Por: Iván Cepeda Castro
EN MÁS DE 100 MUNICIPIOS Y 20 DE las principales ciudades del país han aparecido panfletos en los que se anuncia el regreso de la “limpieza social” contra jóvenes, prostitutas, drogadictos, delincuentes y homosexuales.

Progresivamente la lista de amenazados se amplía. Ahora incluye también a los miembros de las ‘barras bravas’, los estudiantes y profesores de colegios, así como a los líderes de organizaciones juveniles. Los comunicados afirman: “Le pedimos perdón a la sociedad si caen inocentes”. A pesar de que el director de la Policía, general Óscar Naranjo, considera que se trata de bandas criminales dispersas, a simple vista es notorio que en esta operación nacional se reconocen los métodos utilizados en el pasado por las estructuras paramilitares, encubiertas hoy con nuevos nombres y símbolos. El procedimiento se despliega especialmente en los barrios populares de las grandes urbes y en las zonas en las que las Auc han ejercido control. El plan busca el miedo colectivo mediante acciones en distintas fases. En un primer momento se lanza el rumor de que van a comenzar los actos de “limpieza”, luego se distribuyen los panfletos, se impone el toque de queda a partir de las diez de la noche, y se procede a realizar los asesinatos. De esta forma, muchas zonas de las principales ciudades del país viven ya sometidas a esta nueva etapa de terror social.
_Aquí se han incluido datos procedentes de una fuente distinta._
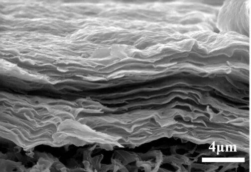 (1)形貌特征。二維蒙脫石納米片刮涂制備的二維蒙脫石薄膜樣品尺寸為4 cm×5 cm。薄膜在大幅度彎折后,不發(fā)生斷裂,有良好的柔韌性和機(jī)械強(qiáng)度。薄膜厚度均在109 μm左右,具有良好的均一性。如圖1所示,薄膜表面具有連續(xù)、致密的片層覆蓋,無可見裂紋或孔洞缺陷,存在細(xì)小褶皺,表面均勻。蒙脫石納米片在底膜表面逐層堆疊,形成了明顯的二維層狀堆疊結(jié)構(gòu)。
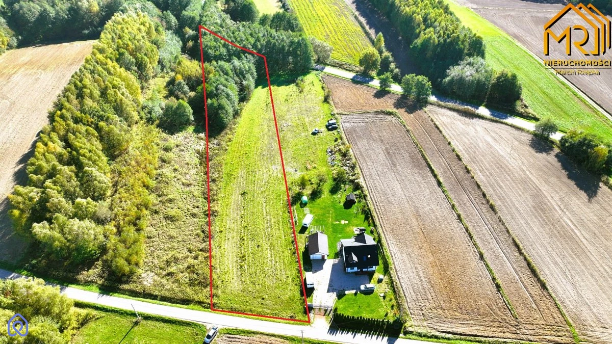 Na sprzedaż działka budowlano-rolna w miejscowości Łęki Górne, gmina Pilzno, powiat dębicki, województwo podkarpackie, w pobliżu granicy z Małopolską.
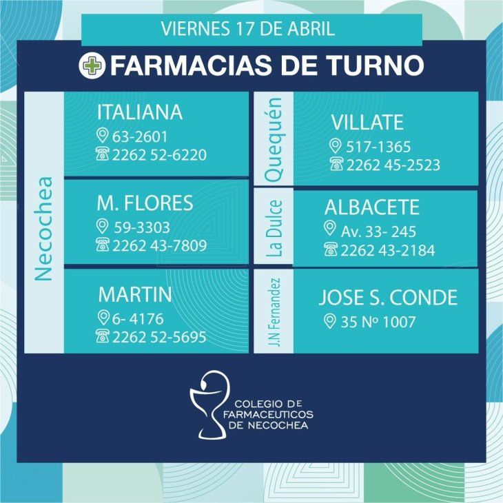 Estas son las 5 farmacias que estarán de turno las 24 horas en Necochea, Quequén, Juan N Fernández y La Dulce este jueves 16 de abril de 2026:
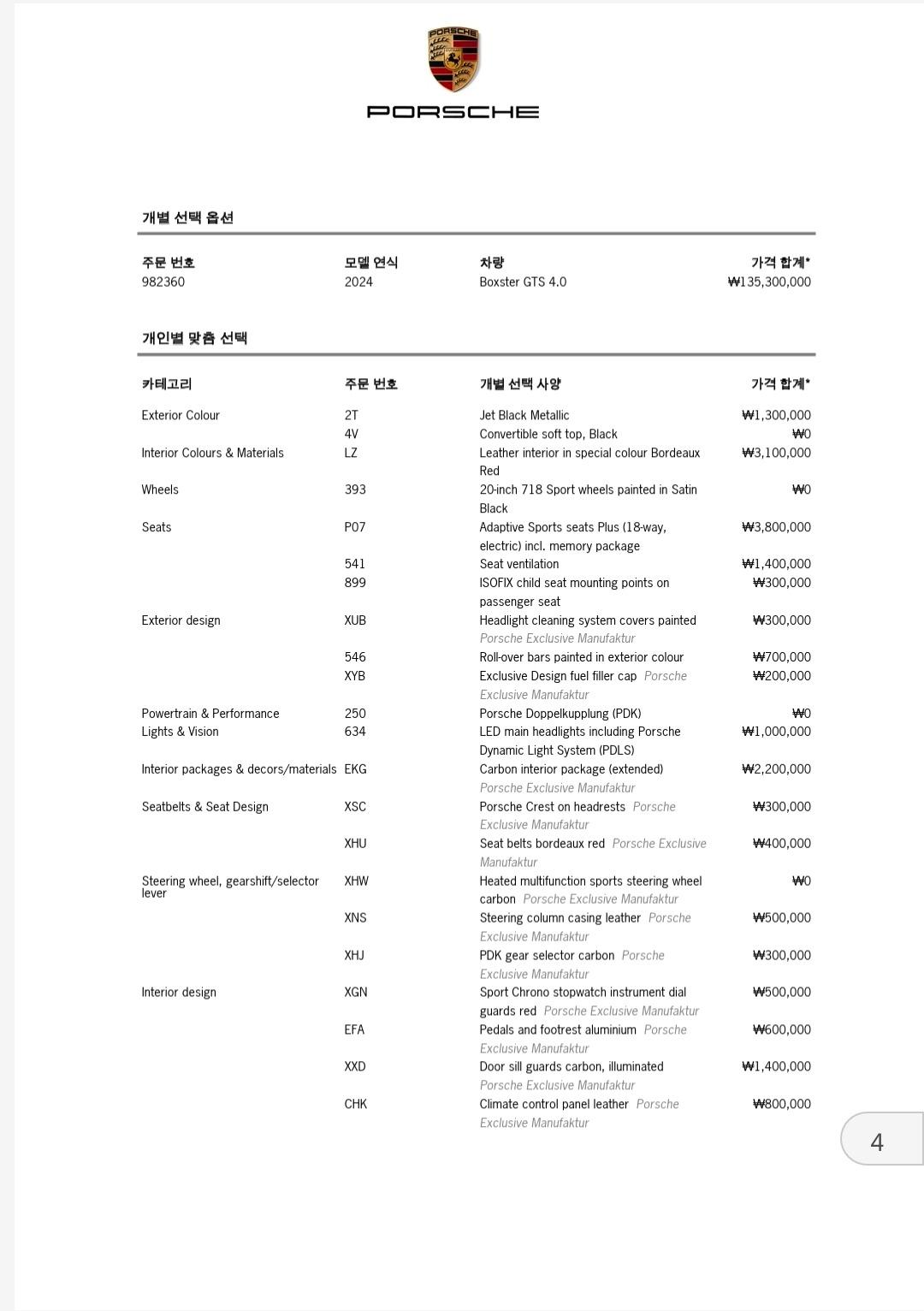 2024년형 (2023년 12월 등록) 포르쉐 718 박스터 4.0 GTS 모델을 판매합니다.
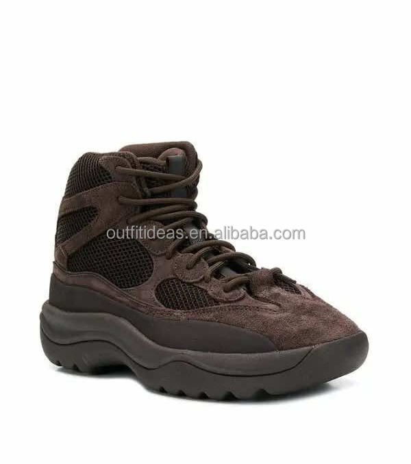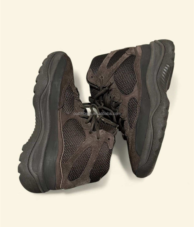 Stivali Sportivi Trendy da Uomo con Suola Chunky Esagerata, Stile Originale Kanye West, Sneaker in Pelle Scamosciata Marrone Olio, Stivali Desert Boot Unici

En Bogotá, los habitantes de nueve localidades han recibido los comunicados amenazantes. Bajo esta campaña 30 jóvenes fueron asesinados en los meses de febrero y marzo. La última semana hubo dos cortes de fluido eléctrico en algunos lugares de Ciudad Bolívar. Después del primero, en las entradas de todas las casas se hallaron los panfletos, y durante el segundo se presentó una masacre en la que murieron siete jóvenes. Los líderes locales aseguran que en muchos barrios de la capital hay situaciones similares. Su conclusión es que esa clase de acciones no las hace una banda de ladrones, sino un grupo organizado que cuenta con cuantiosos recursos.

Desde hace meses, a través de informes de riesgo, la Defensoría del Pueblo ha venido advirtiendo sobre la gravedad de esta situación. Sin embargo, dado que esos informes no se pueden hacer públicos pues se les ha dado un carácter confidencial, determinadas autoridades impiden que se decrete la alerta temprana para prevenir los crímenes. Ante esa situación de negligencia e inoperancia, la Defensoría Pueblo debería tomar la decisión de comunicar sus informes de riesgo directamente a la opinión pública y permitir de esta forma que al menos se conozca ampliamente lo que está pasando en muchas partes del país.

La mal llamada “limpieza social” hace parte de las operaciones violentas a gran escala propias de sociedades que se internan en procesos totalitarios, en los que se busca despertar en la gente del común el miedo a ultranza que conduce a toda clase de reacciones primarias. En el caso de Colombia, ese ambiente de “depuración” criminal se articula bien con la paulatina consolidación de una institucionalidad cada vez más perversa en la que todas las dependencias del poder público se funden en la voluntad del Ejecutivo. El ambiente de terror y a la vez de fascinación por la mano fuerte de un gobernante arbitrario, corresponde bien al estado anímico que buscan quienes defienden la reelección. Es el ambiente que propicia el apoyo irreflexivo de las mayorías a un poder decadente en tiempos de profunda crisis ética y económica.